You should see the requests I get from other people-both sides of an issue, I guess it is all about freedom of speech. Imagine that.
Nothing is more bizarre to me than complaining about people being paid fairly. Capitalism’s got you and the rest of the right completely brainwashed, to your and your peers’ own detriment! Yikes! Smarten up.
I can’t take Forest Watch (Faulty Watch) seriously, always been a bunch of radicals and opposed views.
I volunteer at a preserve that has fires and attendant flooding every 10 -15 years. The forest regenerates so rapidly it is stunning. Small trees spring from base roots if top growth is cinder, small limbs sprout from sides of trees not burnet, after being seeded so many years by large growth trees in the forest, young trees and other plants sprout everywhere, popping up from burnt soil and cinders. Cutting the large trees would eventually make this beautiful wild space a desert with grasses and obnoxious weeds. The new report is correct. So sad that science was used (and funded) by the US Forest Service to justify such stupid forest management. It would appear that the Forest Service continues to be in the sway of the wealthy forest products industry. The public is fighting this fight and finally has a change to win the the US FS and logging industry battle of disinformation.

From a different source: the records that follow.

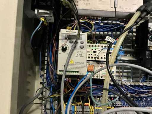 inhoud bestaande uit PLC, 2x frequentieregelaar, contactors, zekeringsautomaten,….
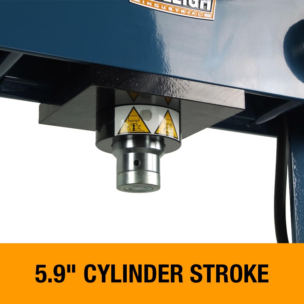 Details: The Baileigh HSP-30A pneumatic shop press features a ridged, fully-welded main frame, allowing the operator to use the full 30 tons of force! Industrial-grade, hydraulic parts ensure smooth, dependable use for years. The cylinder can move left and right within the frame, depending on the orientation of the job. You also have the option to work the HSP-30A manually if you need finer control. The working width of this shop press is 21.65 inches, and the cylinder stoke is 5.9 inches. This shop press includes its own standard set of V-blocks, making this H-frame shop press a great value. Furthermore, Baileigh covers this shop press with a one-year parts warranty and lifetime technical support by phone. This H-frame shop press is ready to tackle the toughest jobs.
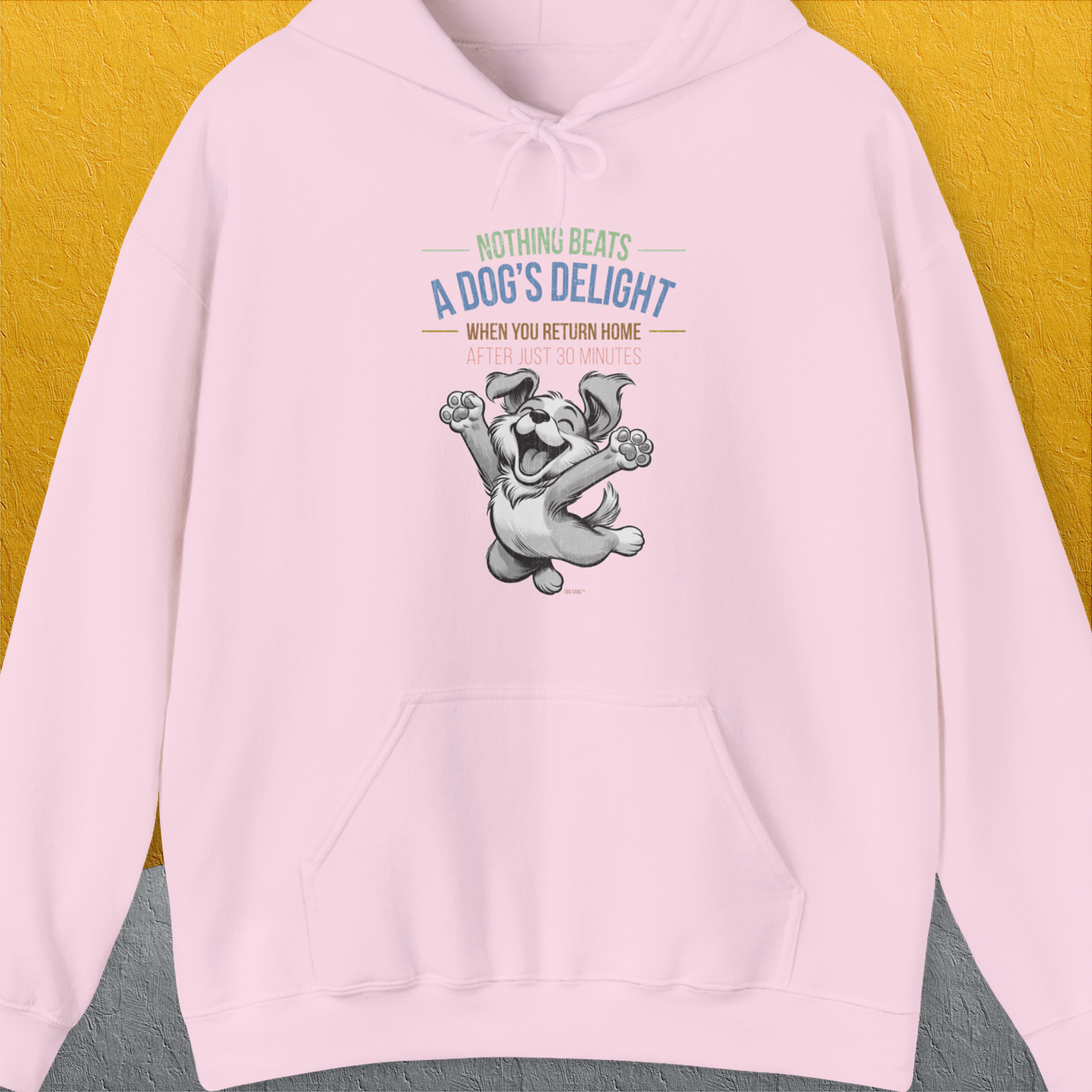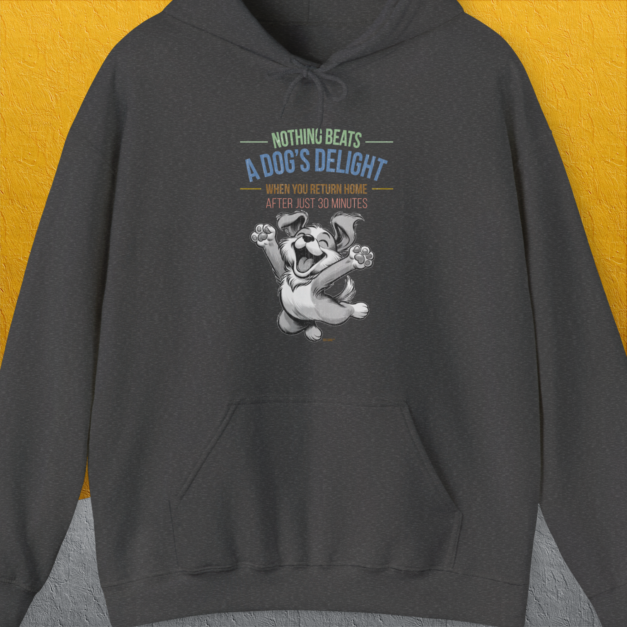 Nothing Beats A Dog's Delight When You Return Home, Volume 1, Unisex Hoodie-funny and stylish. A perfect gift for dog lovers. Shirtdesign by Dog Gang
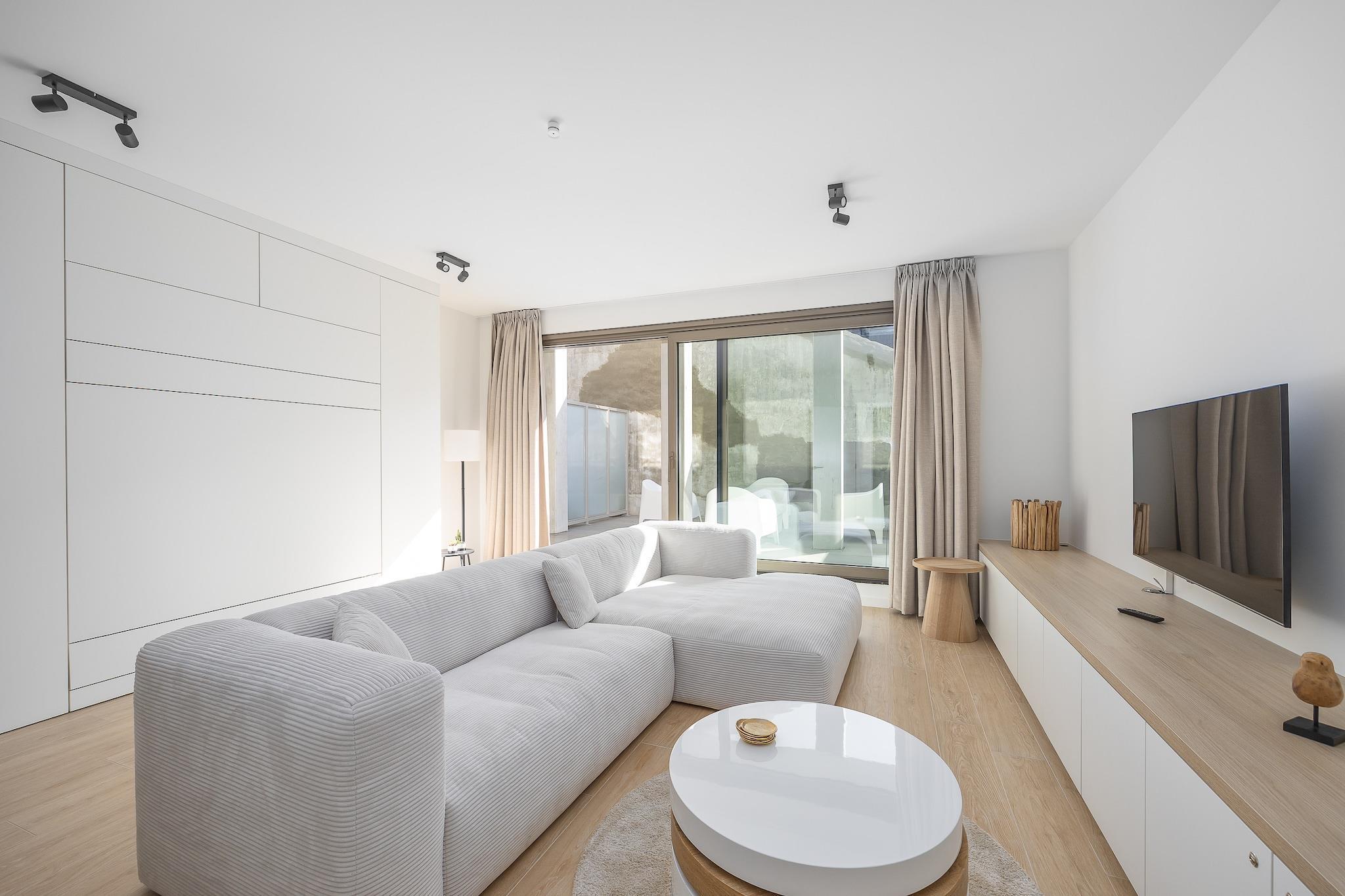 Denna nybyggda studio på första våningen erbjuder en ljus och modern oas bara några steg från stranden, strandpromenaden och det nya kasinot. Med 50 m² av genomtänkt utrymme, har den en garderobssäng för 2 och en automatisk uppblåsbar madrass för 1, vilket gör den idealisk för par eller små grupper. Det rymliga vardagsrummet är fyllt med naturligt ljus från stora fönster som vetter mot en generös terrass, som snart ska inredas för avkoppling utomhus. Det öppna köket är fullt utrustat med moderna apparater, perfekt för att laga mat hemma. En duschkabin ger badrummet en touch av lyx, och en separat toalett ökar bekvämligheten. Studions kvalitetsfinish, elegant inredning och unik arkitektur, som blandar en historisk fasad med rena, moderna linjer, skapar en varm och elegant atmosfär. Studion ligger i hjärtat av staden och erbjuder direkt tillgång till affärer, en spårvagnshållplats och alla kustnära höjdpunkter i Middelkerke. Wi-Fi och parkering ingår, och gästerna ombeds vänligen att ta med egna lakan och handdukar. Oavsett om du är här för att varva ner eller utforska, är denna studio en perfekt blandning av komfort och läge.
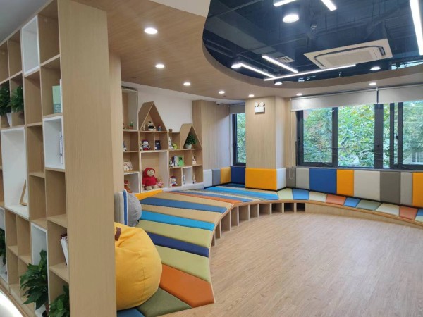如今的童萌童乐园,设有为宝宝、宝妈提供临时休息、喂食、充电场地的“暖新驿站”;开放给周边居民的亲子阅读区,在空余时间可以带孩子前来免费阅读,定期还会开展看电影、读书会等活动,小朋友可以在这里交朋友,大人可以在这里聊家常。

“In 2022, the Forest Service relied on this falsified record when it announced a project to remove large trees and clear wildlife habitat using heavy equipment across 235,000 acres of the Los Padres National Forest.”
Who said anything about cutting large trees? That is not part of the plan for the restoration project. The plan is to clear brush and smaller trees in order to protect the large trees from disease and fire.